The very first thing you should do after that is go to Microsoft and download all of the updates needed to help protect your system from vulnerabilities that can be exploited by malware.

You should also get a third party firewall, rather than just the XP one, which only blocks incoming packets. A third party one, such as Zone Alarm free, will block both incoming and outgoing.

I also recommend downloading  *SPYWAREBLASTER* for added protection.

*Read here* for info on how to tighten your security.

I will send you a private message with information regarding malware removal training.


----------



## Lacoste (Feb 2, 2007)

Greetings Karen,

I have read both link and study the conditions and environment both forums have offered. For the past 2 days I have been weighing the time and dedication one would required for this booth camps.

I am interested, but since I am new at my company I am undergoing several booth camps and training (not to mention several 15 hrs/day work) my schedule is very hectic at the moment.

Thank you for the link, It will take me sometime to actually be a member to those forums but eventually Ill join and undergo their boothcamps. I guess I shouldn't said pc expert so easily.

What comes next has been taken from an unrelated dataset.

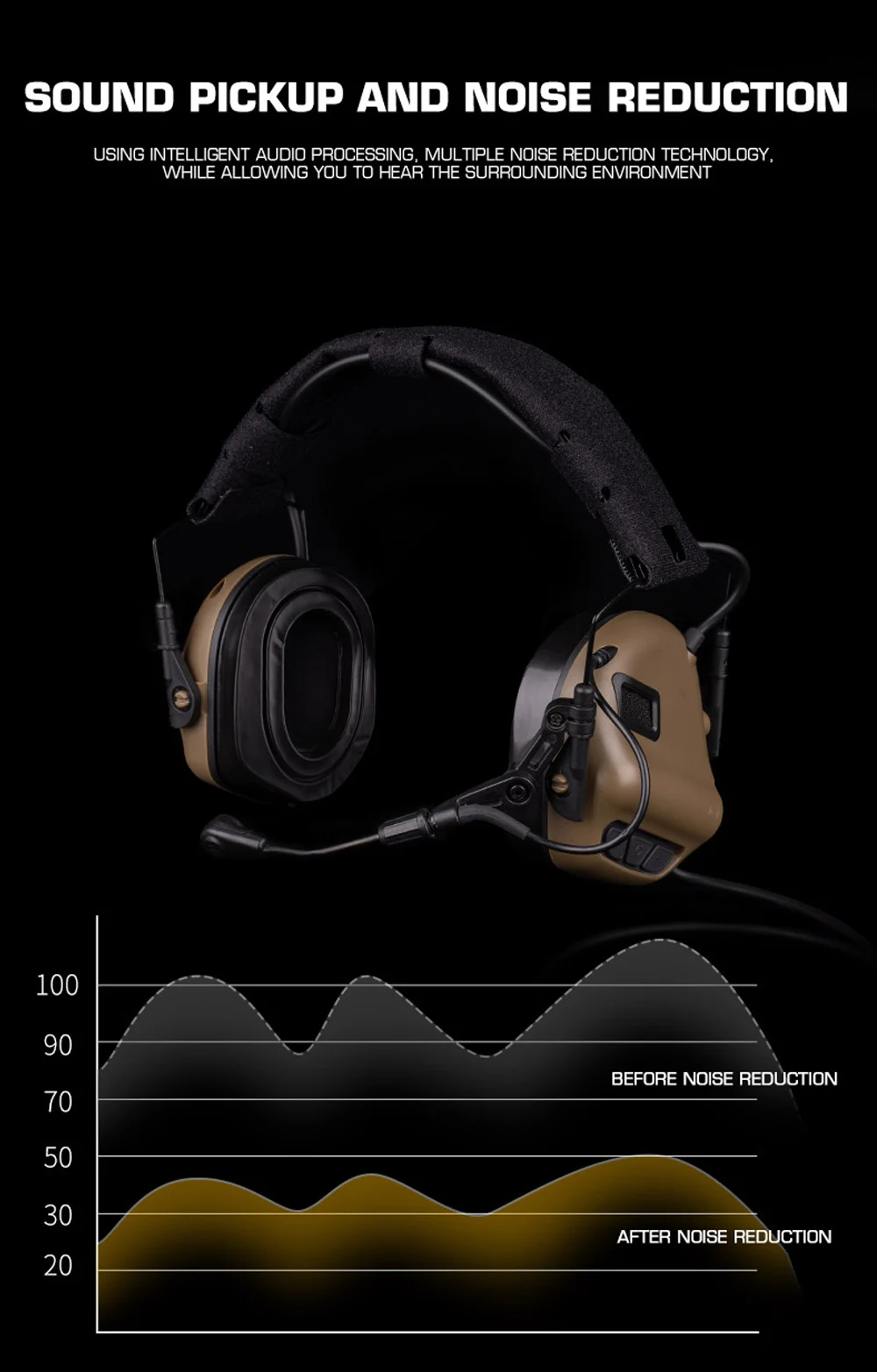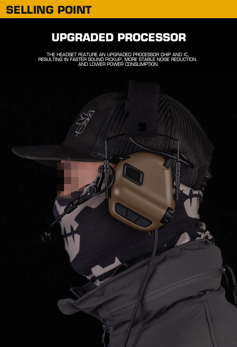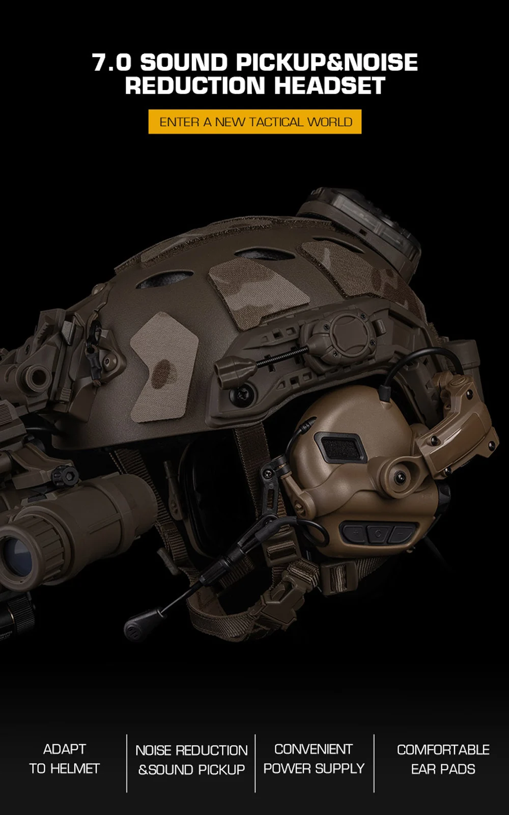 Auriculares con reducción de ruido y captación de sonido 7,0, procesador mejorado, caza al aire libre, combate, tiro, Airsoft, auriculares aptos para casco táctico

Well Ill close this thread soon after I reformat, but before that are the list here is enough for the security for my new os?

HJTthis
ATS Cleanup exe
AVG 7 free edition 
Lavasoft AD-aware and 
spyware blaster?

thank you
lacoste


----------



## Cookiegal (Aug 27, 2003)

That's understable. You really need to have the time to devote to it.

I'm not familiar with ATS Cleanup. Are you perhaps referring to ATF Cleaner? That is a good program to have to clean up temp files.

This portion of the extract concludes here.